Через пятнадцать минут после того, как мы приземлились, лимузин, пробиваясь сквозь легкий вечерний туман, уже вез меня по прибрежной трассе на север, в Сан-Франциско, в сторону моста через залив. Но только увидев убожество Юниверсити-авеню, я вдруг поняла всю парадоксальность сложившейся ситуации: да, я снова вернулась домой. Эта гонка, начавшаяся в другой галактике, привела меня прямиком на Беркли-Хиллз, где я выросла. Да, хорошенькое начало, Эллиот! Все ради тебя.

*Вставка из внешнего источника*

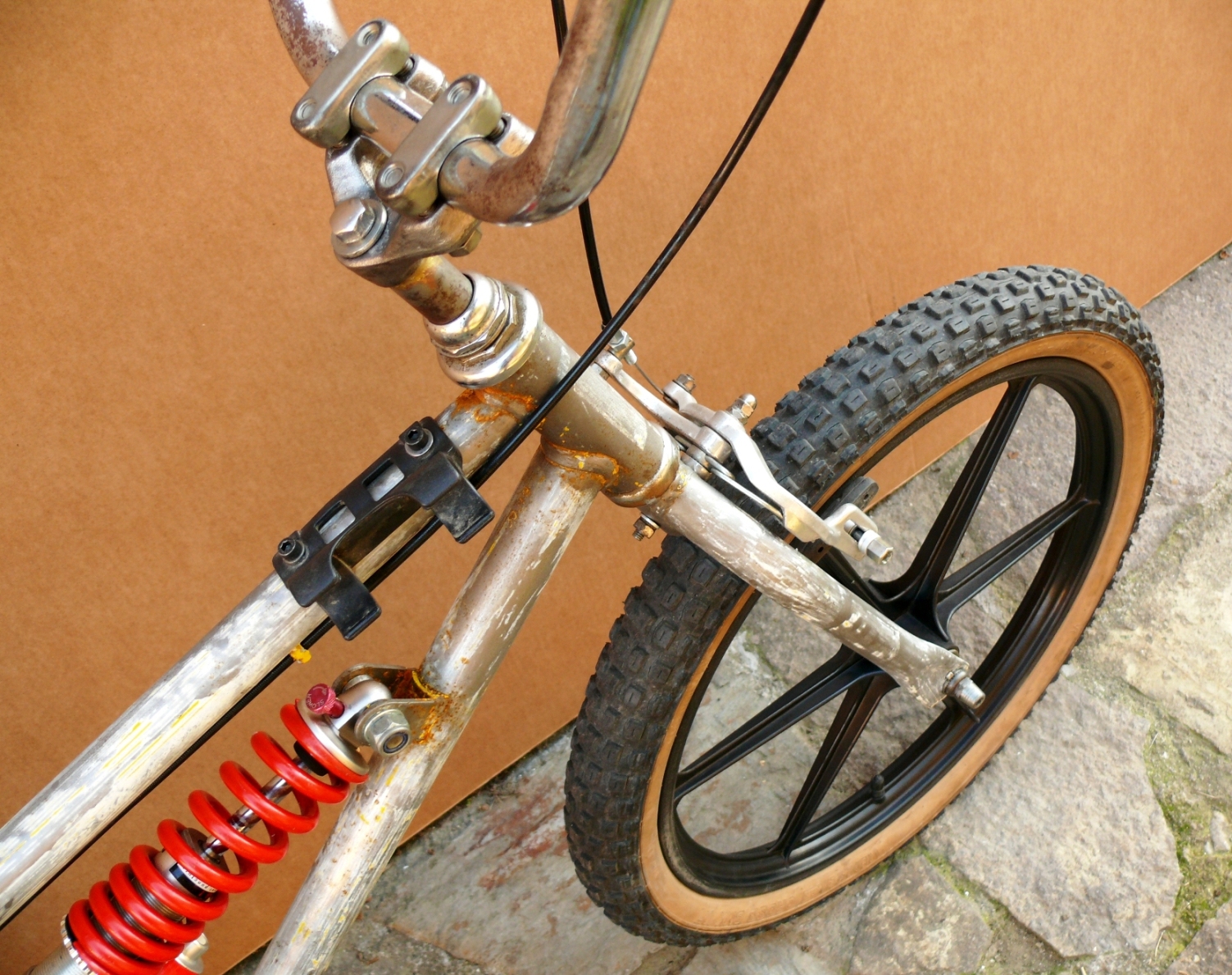 Va ser recollir el quadre, forquilla i basculant que feia setmanes que havia decapat i deixat estar, muntar un eix de pedalier de “quadradillo”, amb les boles i rodaments bruts de la grassa vella i tot. Així també el joc de direcció. Tot seguit vaig ajustar-hi la suspensió central, substituint el braç de suspensió d’origen per un de modern de BTT, de marca PRO-SHOCK, amb diversos reguladors de la tensió. No va ser fàcil adaptar forats i amplades. Aquest nou braç de suspensió és uns 5 cms més curt, i per això la geometria de la bici ha cambiat: la forquilla i el tub de direcció, així com el tub del seient, s'inclinen cap enrere, mentre que el pedalier baixa, perdent altura. Tant el manillarg com el seient estan lleugerament avançats, per reajustar una mica la posició damunt la bici.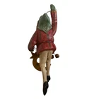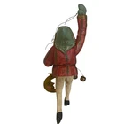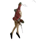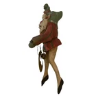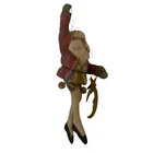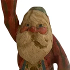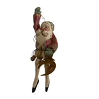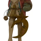 Add a unique touch to your festive décor with this charming vintage Santa ornament. Hand-painted with intricate details, it features Santa holding a crescent moon and bell, symbolizing holiday cheer. This collectible piece adds a nostalgic and whimsical flair to your Christmas tree or home. • Hand-painted with care • Vintage design • Includes crescent moon & bell • Durable wood construction • 7 inches tall Paint is chipped in various areas, adding to its vintage charm. Top to bottom = 7 inches.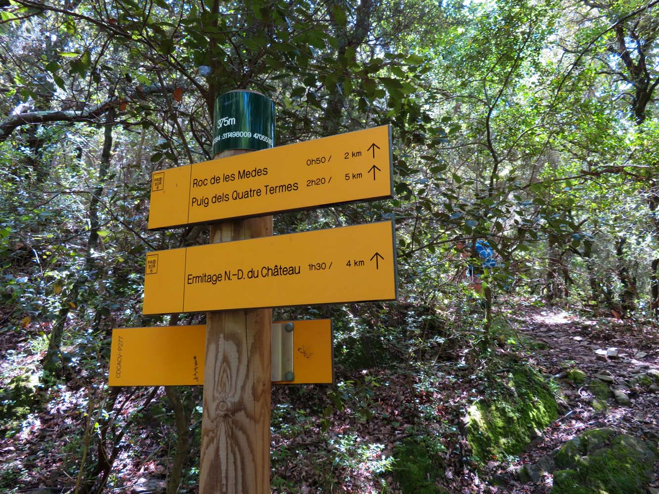 There are so many hiking possibilities here! Signs point in all directions: straight ahead is Puig de Pradets in the east, right is down the Spanish side, left down the French side.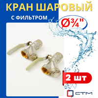 Кран шаровый 3/4 латунный с фильтром, внутренняя резьба, ручка-рычаг (СТМ) 2шт.: сравнение цен, характеристики, фото, актуальное наличие и цены.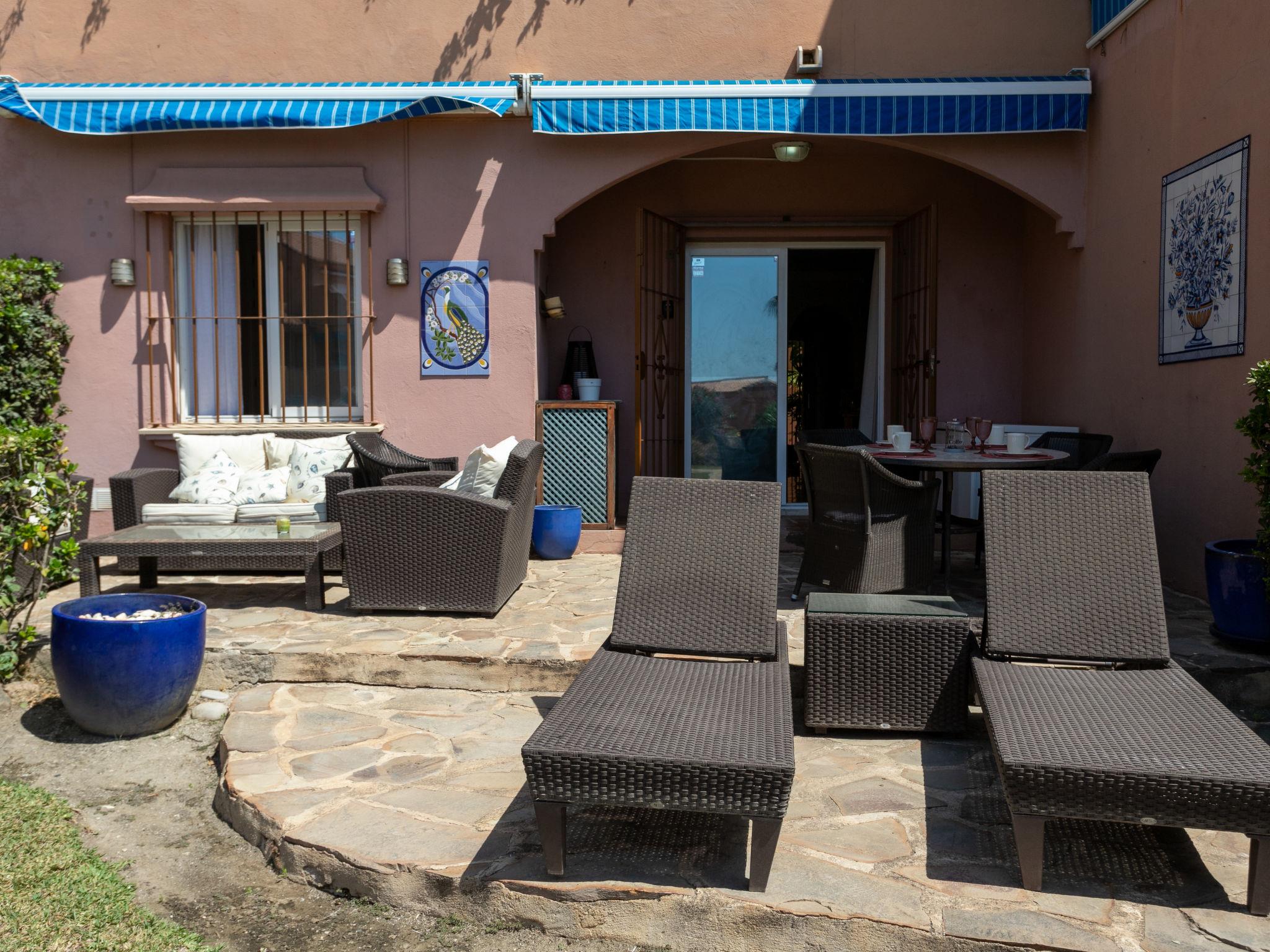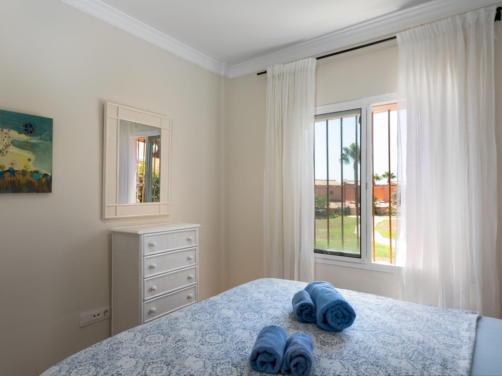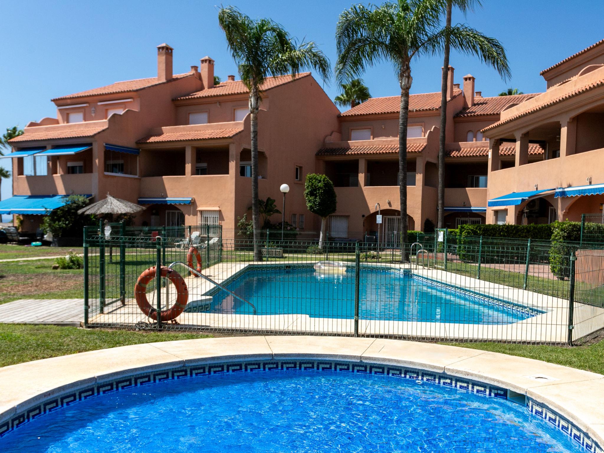 Playa Azul: Very beautiful, cosy apartment block "Pia's Sea Dream". 29 km from the centre of Marbella, 3 km from the centre of Estepona, from the sea, 100 m from the beach, direct access to the beach, south-west facing position. For shared use: garden with lawn, swimming pool angular fenced (12 x 4 m, depth 60 - 185 cm, seasonal availability: 01.Jan. - 31.Dec. pool opening hours: 09:00-20:00). Children's pool. In the house: lift. Supermarket 1 km, bus stop "Arena Beach" 170 m. Nearby attractions: Puerto Banús 20 km. Please note: car recommended. Suitable for families. Loading and unloading of baggage is possible at the holiday house. Airfield 80 km from the property. Neighbourhood highly sensitive to noise. Quietness and good behaviour expected.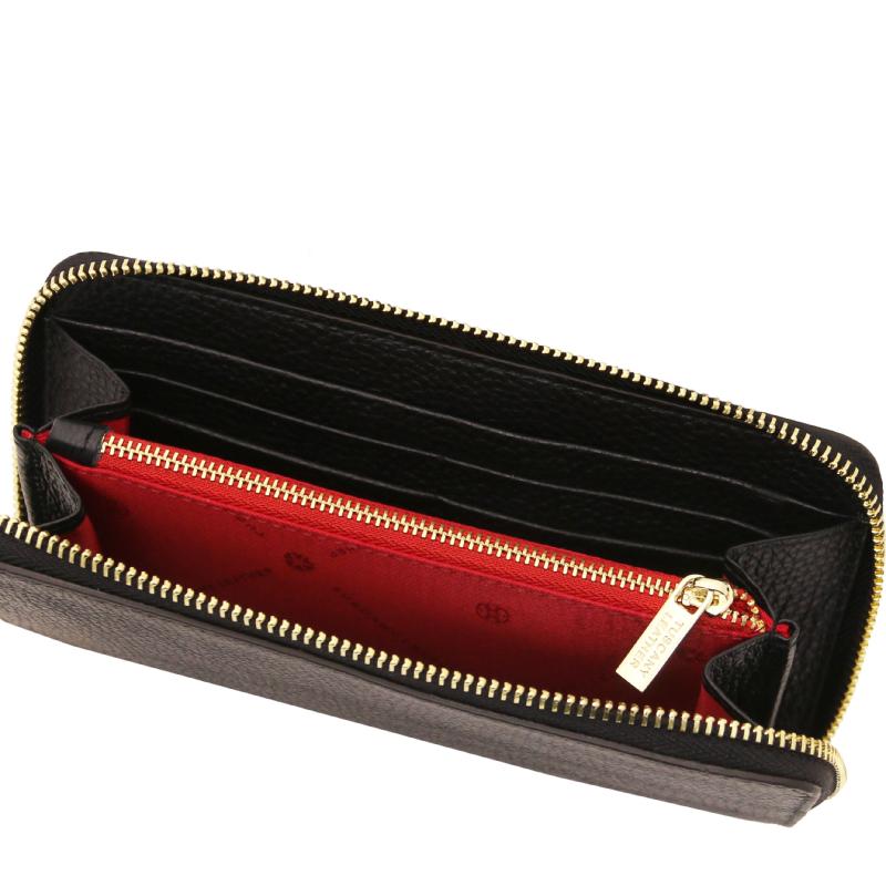Η πρόσβαση στο εσωτερικό του γίνεται με φερμουάρ. Στο εσωτερικό του, υπάρχουν 2 διαμερίσματα ενώ και το χώρισμα των διαμερισμάτων αυτών διαθέτει φερμουάρ και λειτουργεί ως θήκη κερμάτων. Τα δύο διαμερίσματα διαθέτουν την ίδια σχεδίαση με το καθένα από αυτά να διαθέτει 4 θήκες για πιστωτικές και επαγγελματικές κάρτες και μια ακόμα μεγάλη θήκη για χαρτονομίσματα, έγγραφα και ότι άλλο χρειάζεται να έχετε μαζί σας.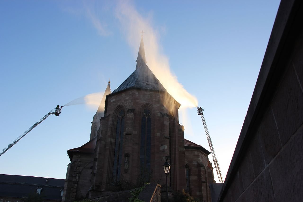 Für die Übung wurde angenommen, dass im Dach über dem Altarraum Feuer ausgebrochen sei. Aufgabe der Einsatzkräfte war es, die Brandausbreitung auf das Langhaus zu verhindern. Um umfassend gegen die Flammen vorgehen zu können, kamen gleich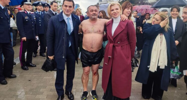 Το ενδιαφέρον δεν περιορίστηκε στο τελετουργικό. Με το που ανέσυρε τον σταυρό από τα νερά του Ληθαίου, ο Κώστας Θανασάκης βρέθηκε περικυκλωμένος από… θεσμικούς κάθε βαθμίδας. Δεσπότη, βουλευτές, δήμαρχος, αντιπεριφερειάρχης, αντιδήμαρχοι, αιρετοί έσπευσαν για μια φωτογραφία, λες και ο σταυρός είχε και προεκλογικές ιδιότητες.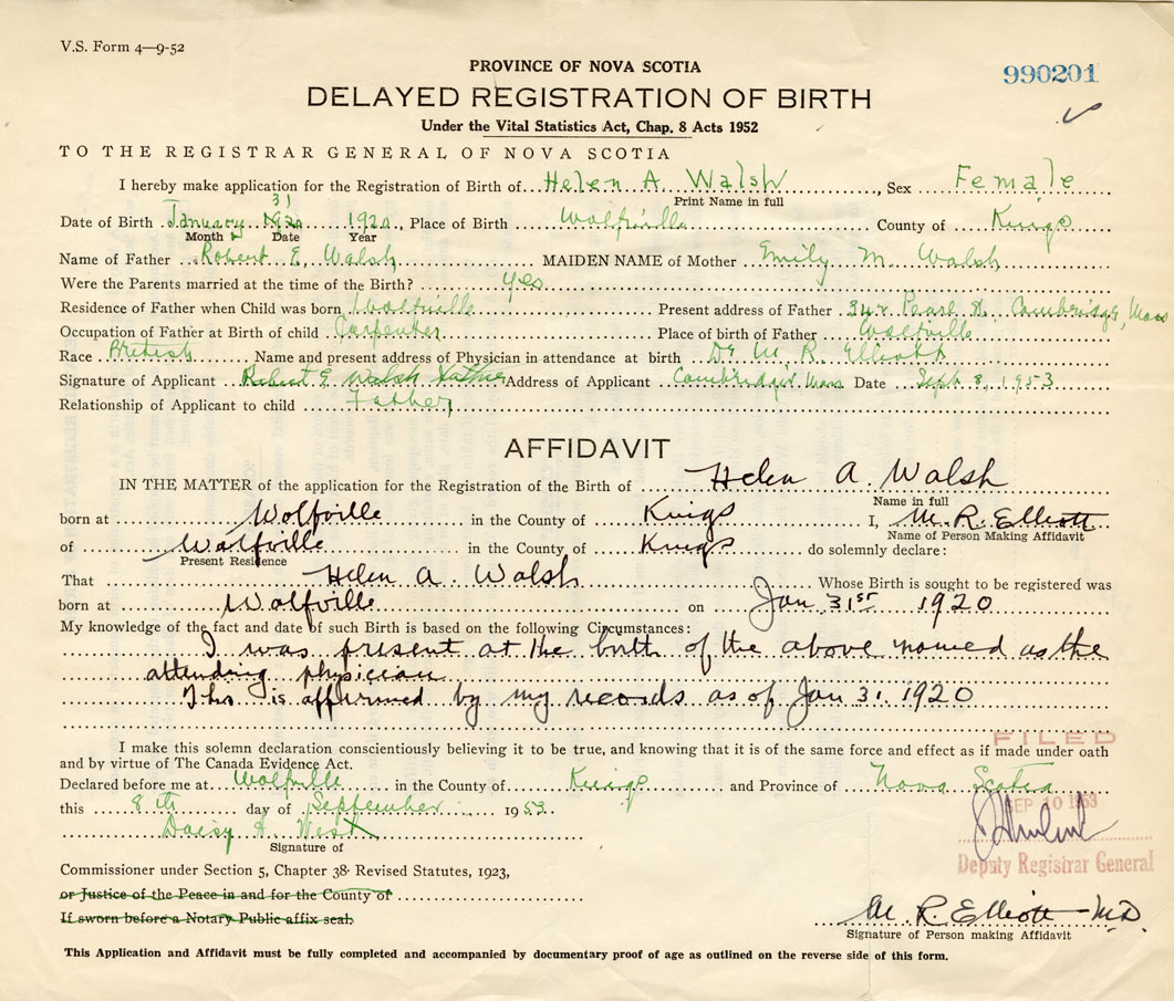 Date of Birth January 31, 1920 Place of Birth WolfvilleCounty of Kings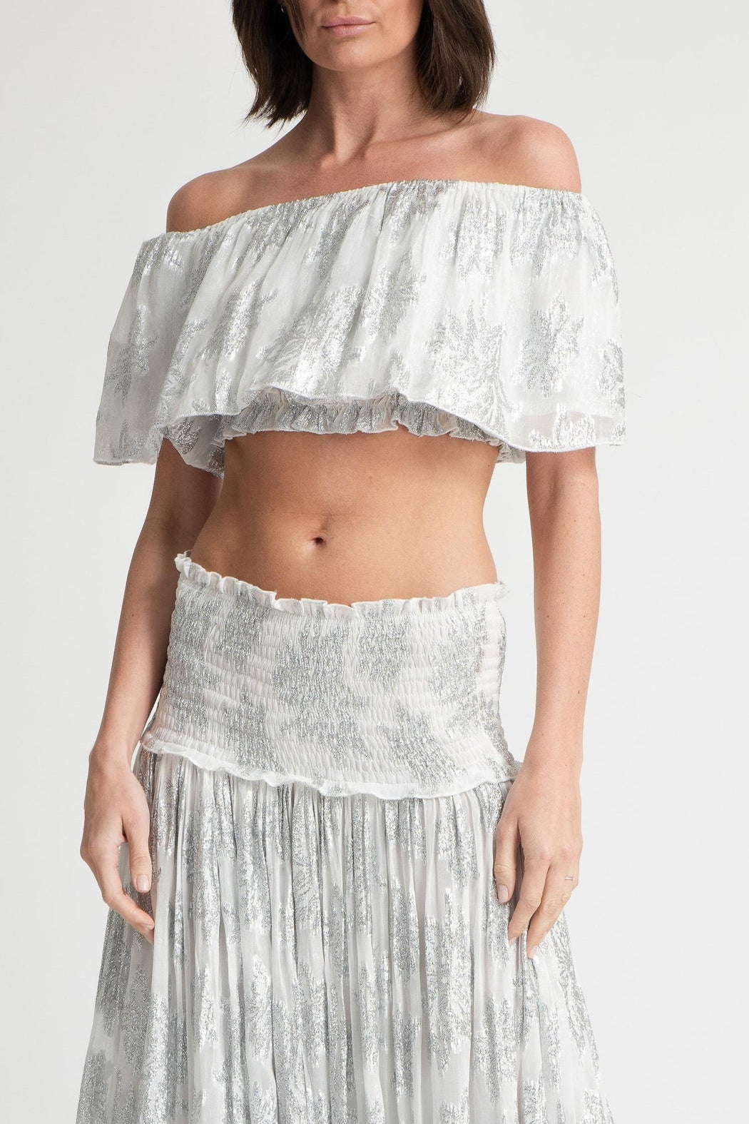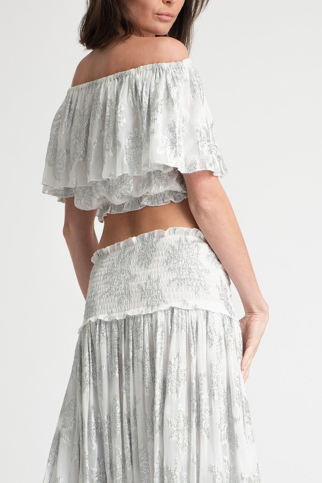 Marquise Cropped Top is designed for your summer days. Cut from a fil coupe silver metallic thread. Style with the matching maxi skirt !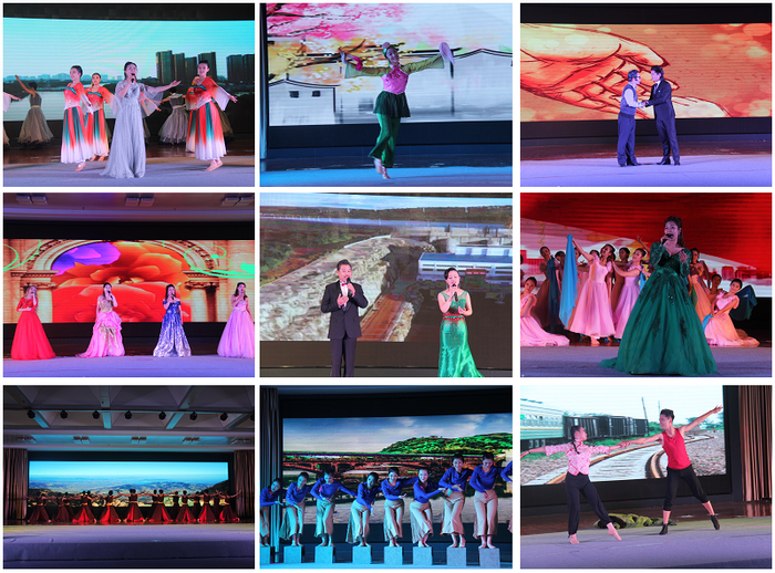 在深情的诗朗诵《乡愁》中,演出拉开了序幕。本场演出共分为四个篇章,在第一篇章“情怀”中,群舞《碇步桥水清悠悠》、女声独唱《彭城谣》、独舞《说兰花》为观众展示了家乡是每个人内心深处无法割舍的情怀。在第二篇章“力量”中,双人舞《回家》、男声二重唱《父子》、歌曲联唱《奋斗吧,中华儿女》从“小家”到“国家”为观众诉说了对家乡的热爱永远是推动个人和国家前行的力量。在第三篇章“传承”中,大学生舞蹈团带来的群舞《额尔古纳河》、张雨童带来的女声独唱《那山那水》,藏族同学带来的藏族风情歌舞《再唱山歌给党听》博得了观众阵阵的掌声和喝彩,藏族同学还为在场的领导老师献上了圣洁的哈达,将现场气氛推向了高潮。在第四篇章“未来”中,刘政老师和吴瑜老师带来了一个诉说对祖国热爱的男女二重唱《我怎样去爱你》,女声四重唱《春天的芭蕾》、群舞《脊梁》、独唱《领航新时代》、抒发了新时代中华儿女对美好生活的向往与热爱。

Лимузин неуклюже петлял по уходящим круто вверх узким улочкам. Все было до боли знакомо. Один только вид заросших садов, домиков в окружении ветвистых дубов и кипарисов ранги мне душу. Нет, даже не дом, не это место: скорее, пейзаж, напоминающий о том периоде моей жизни, о котором я не могу вспоминать без содрогания, о периоде, ассоциирующемся с постоянной душевной болью.

Меня неожиданно охватил ужас. А что, если кто-нибудь выглянет из темного окна и, увидев меня, поймет, кто я на самом деле такая. На сей раз я приехала не на свадьбу, не на похороны, не на каникулы. Нет, я, совсем как сэр Ричард Бартон, проникла в запретный город Мекку. И если меня поймают, то непременно убьют. Я бросила взгляд на часы. Эллиот обошел меня на два часа. Может, его уже и нет там.

И тут, под влиянием минуты, я вдруг попросила водителя отвезти меня на свою родную улицу. Сама не зная зачем. Но я просто должна была на секунду остановиться у своего дома. Лимузин медленно полз вниз по холму, и, увидев, что в отцовской библиотеке горит свет, я велела водителю остановиться.

Господи, как здесь тихо, под темной акацией. Вокруг тишина, только звук поливальной установки, орошающей траву. Бело-голубое мерцание телевизора в спальне моего младшего брата наверху. Тень, промелькнувшая за прикрытыми шторами окнами библиотеки.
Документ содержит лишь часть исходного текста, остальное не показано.